$A^2$-Nets: Double Attention Networks
This addresses the problem of inefficient long-range feature modeling in image/video recognition for researchers and practitioners, offering a plug-and-play solution with significant performance gains.
The paper tackles the inefficiency of modeling long-range relations in CNNs by introducing a double attention block that aggregates and propagates global features, enabling a ResNet-50 with this block to outperform ResNet-152 on ImageNet-1k with over 40% fewer parameters and less FLOPs, and achieve state-of-the-art results on Kinetics and UCF-101 with higher efficiency.

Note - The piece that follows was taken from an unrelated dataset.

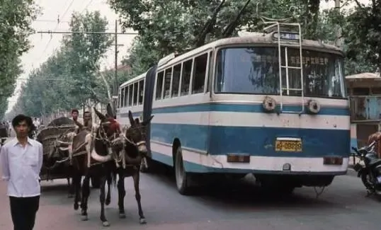 1980年代的郑州伏牛道路上,一辆拉着货品的驴车和一辆公交车电车并列行驶在马路上。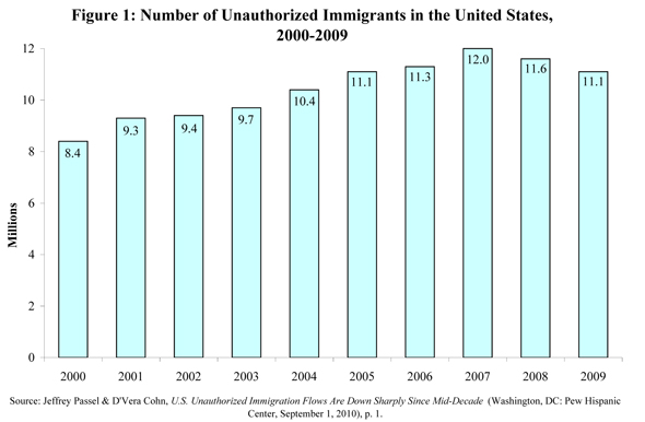 - According to estimates released in September 2010 by the Pew Hispanic Center, the number of unauthorized immigrants in the United States increased from roughly 8.4 million in 2000 to a high of 12.0 million in 2007, then declined to 11.6 million in 2008 and 11.1 million in 2009 {Figure 1}. The apparent decline between 2008 and 2009 is inconclusive because it falls within the estimates’ margin of error.

Learning to capture long-range relations is fundamental to image/video recognition. Existing CNN models generally rely on increasing depth to model such relations which is highly inefficient. In this work, we propose the "double attention block", a novel component that aggregates and propagates informative global features from the entire spatio-temporal space of input images/videos, enabling subsequent convolution layers to access features from the entire space efficiently. The component is designed with a double attention mechanism in two steps, where the first step gathers features from the entire space into a compact set through second-order attention pooling and the second step adaptively selects and distributes features to each location via another attention. The proposed double attention block is easy to adopt and can be plugged into existing deep neural networks conveniently. We conduct extensive ablation studies and experiments on both image and video recognition tasks for evaluating its performance. On the image recognition task, a ResNet-50 equipped with our double attention blocks outperforms a much larger ResNet-152 architecture on ImageNet-1k dataset with over 40% less the number of parameters and less FLOPs. On the action recognition task, our proposed model achieves the state-of-the-art results on the Kinetics and UCF-101 datasets with significantly higher efficiency than recent works.